[Your objective] In the entries below, locate the line with "我公司承建贵司xxx项目,并", then give again that line and all lines after it, exactly, with pictures omitted.
** Opening Data in this exercise block **
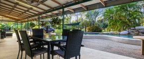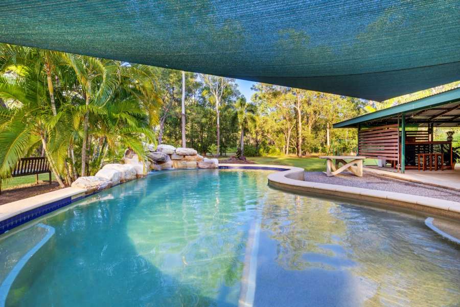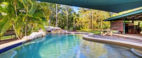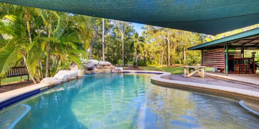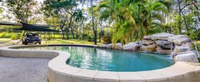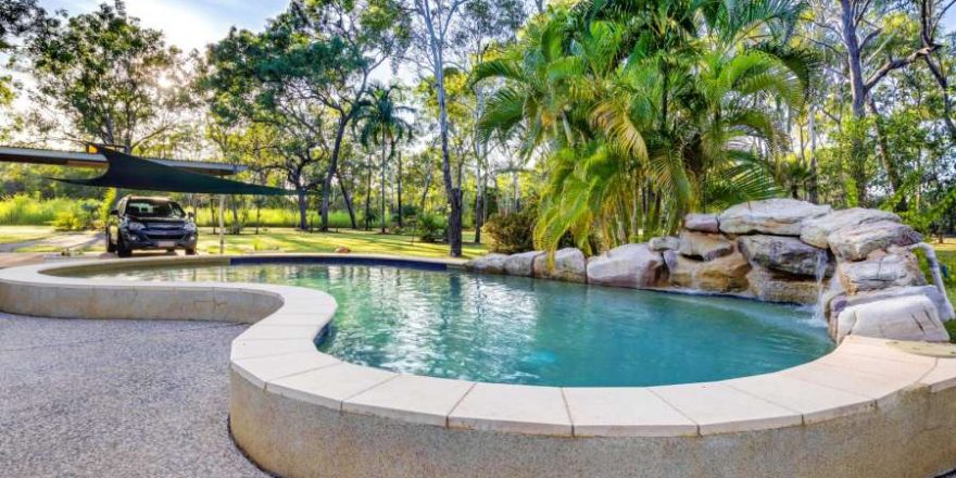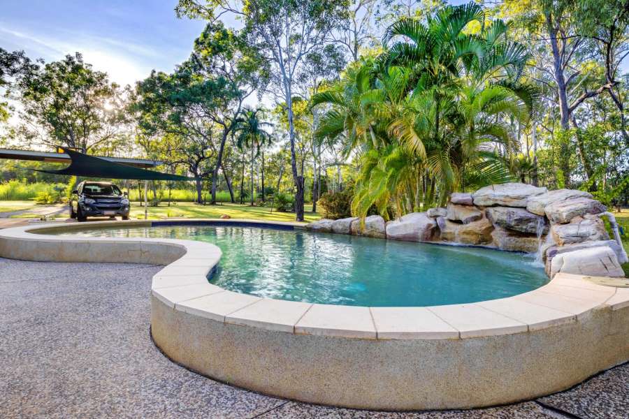 Sparkling resort style PebbleCrete saltwater pool surrounded by immaculate native bush land
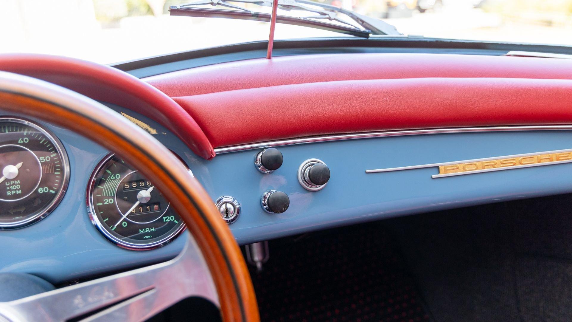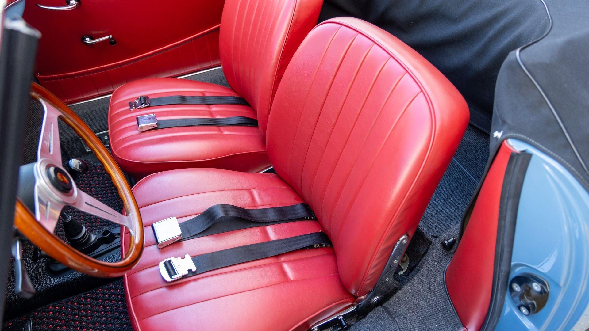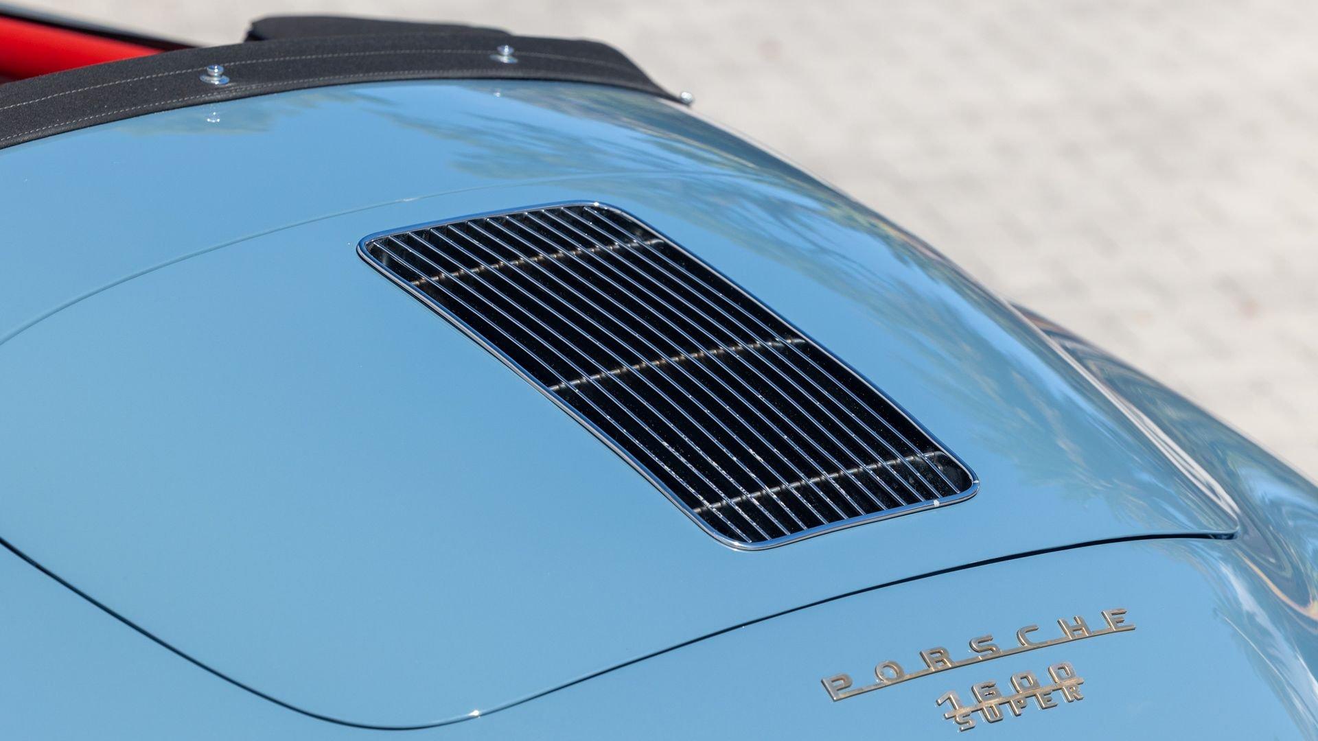 Today, the Roadster continues to wear a red-upholstered interior with charcoal square-weave carpeting as new. Its body-color dashboard is set with three VDO gauges framed by a wood-rimmed, three-spoke Nardi steering wheel. The exterior has been refinished in the refreshing shade of Aetna Blue, a period-correct color offered in 1960 and 1961 and paired with a matching blue soft top. It is fitted with an air-cooled flat-four Type 616/15 from a 1965 model year 1600 C offering a 15-horsepower boost over the original unit along with a four-speed transmission from the same era.
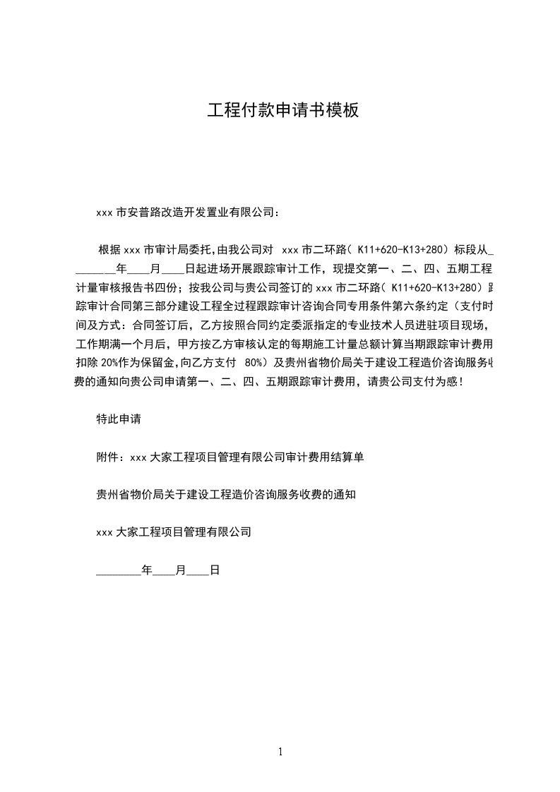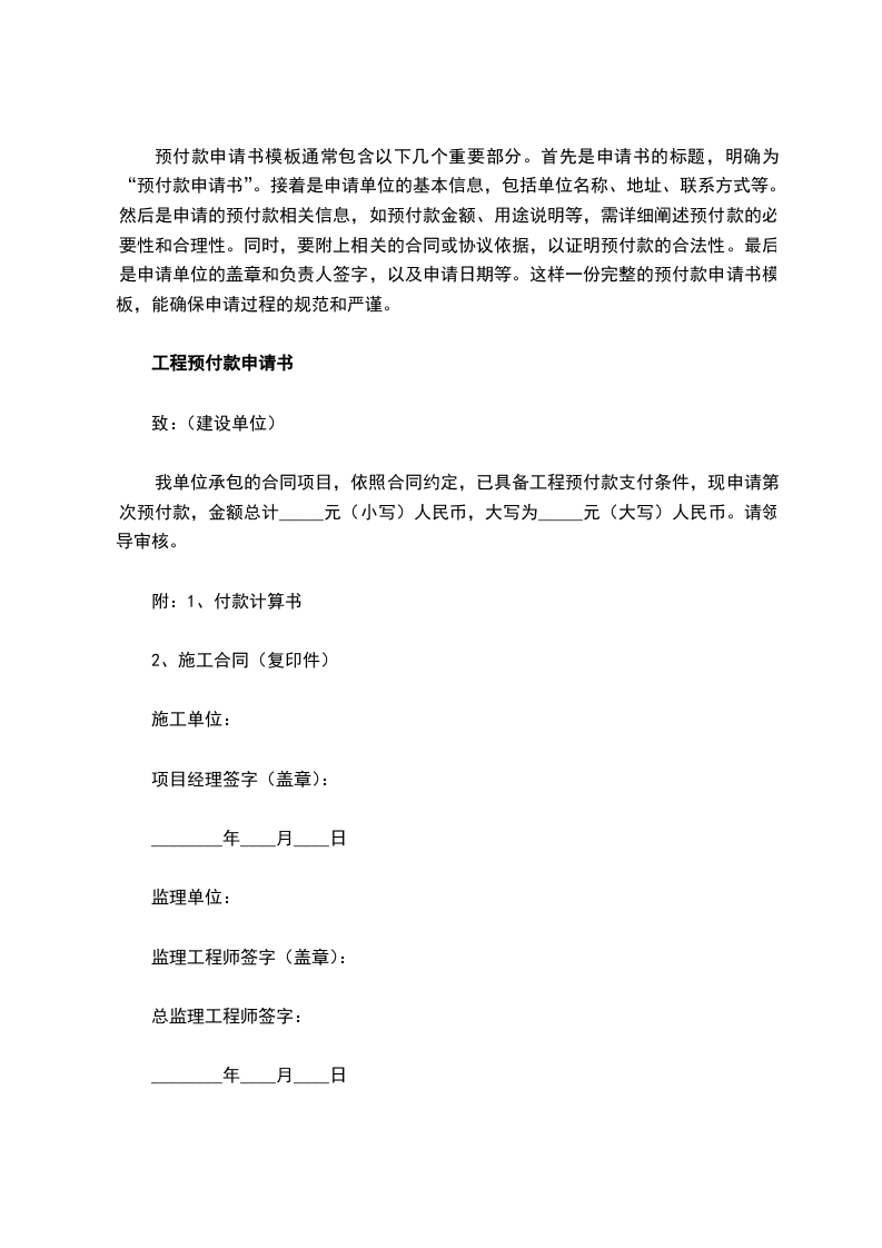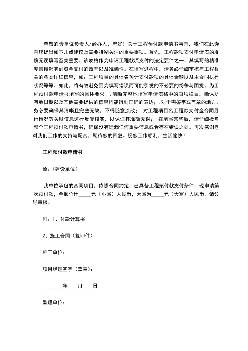 我公司承建贵司xxx项目,并已和贵司签订《xxxx合同》,根据该合同xxxx条款规定“xxxx”,特此向贵司提出支付预付款申请。
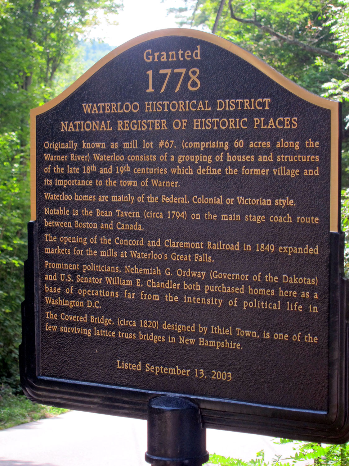 and, then the Waterloo Bridge, again across the Warner River, built originally in 1840, rebuilt in 1857. Listed only for 6 tons, the clearance is 8 1/2 feet.
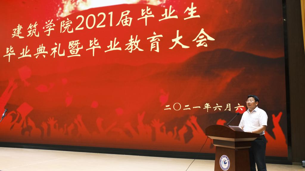 6月6日晚,建筑学院在龙湖校区东辅楼二楼报告厅隆重举行2021届毕业生毕业典礼暨毕业教育大会,学院党政领导、工会主席、教研室实验中心主任,部分教师和学生代表,2021届全体毕业生及辅导员参加。典礼暨大会由学院党委副书记谢宜勤主持。
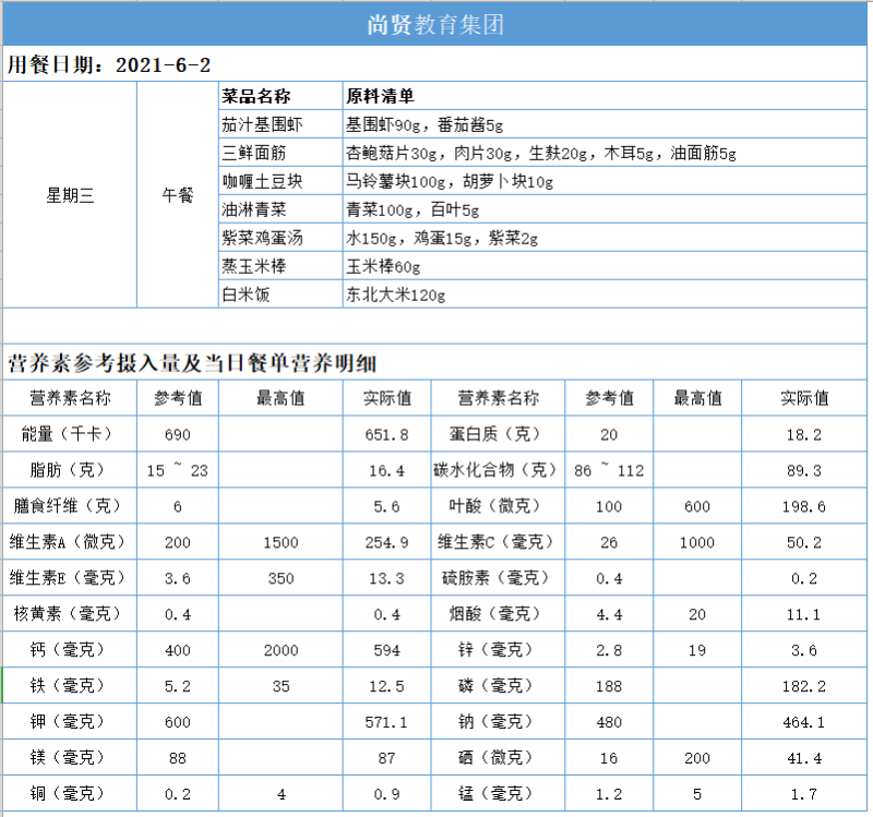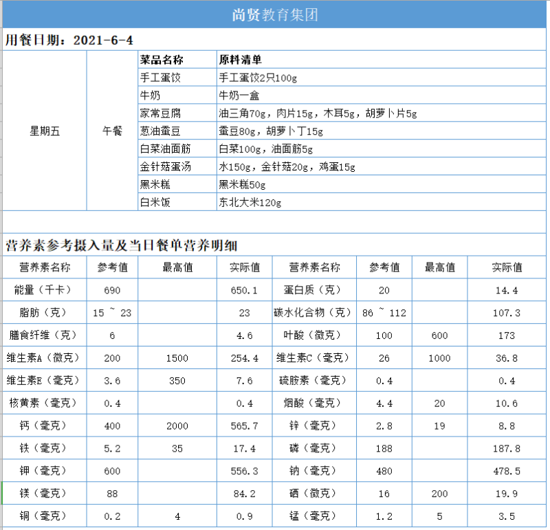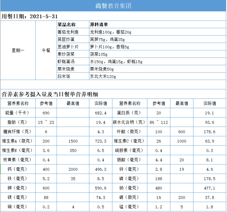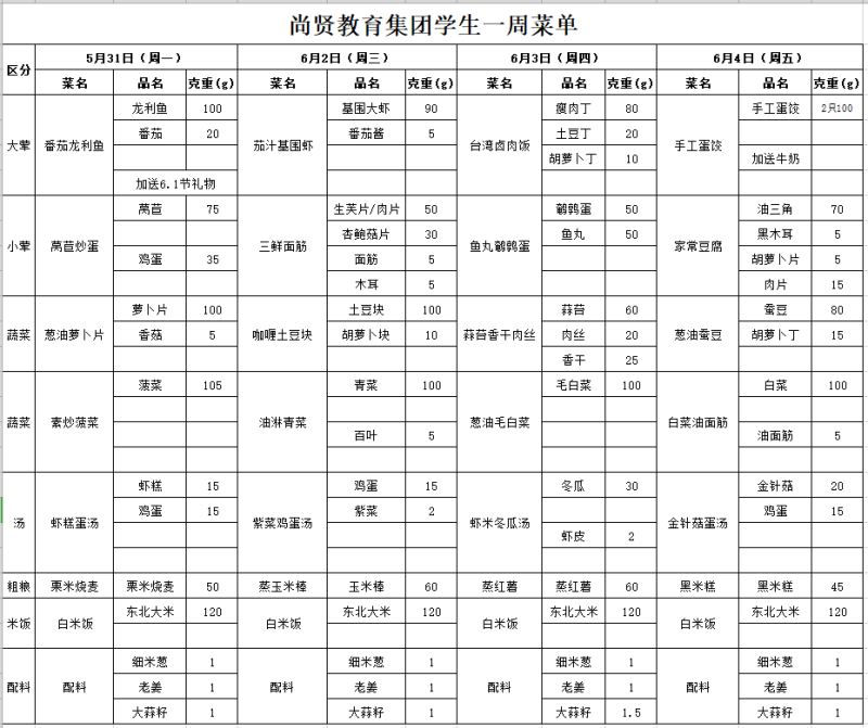 尚贤教育集团一周学生菜单(2021.05.31-06.04)
** Closing Data in this exercise block **
[Task response]
 我公司承建贵司xxx项目,并已和贵司签订《xxxx合同》,根据该合同xxxx条款规定“xxxx”,特此向贵司提出支付预付款申请。
 and, then the Waterloo Bridge, again across the Warner River, built originally in 1840, rebuilt in 1857. Listed only for 6 tons, the clearance is 8 1/2 feet.
 6月6日晚,建筑学院在龙湖校区东辅楼二楼报告厅隆重举行2021届毕业生毕业典礼暨毕业教育大会,学院党政领导、工会主席、教研室实验中心主任,部分教师和学生代表,2021届全体毕业生及辅导员参加。典礼暨大会由学院党委副书记谢宜勤主持。
 尚贤教育集团一周学生菜单(2021.05.31-06.04)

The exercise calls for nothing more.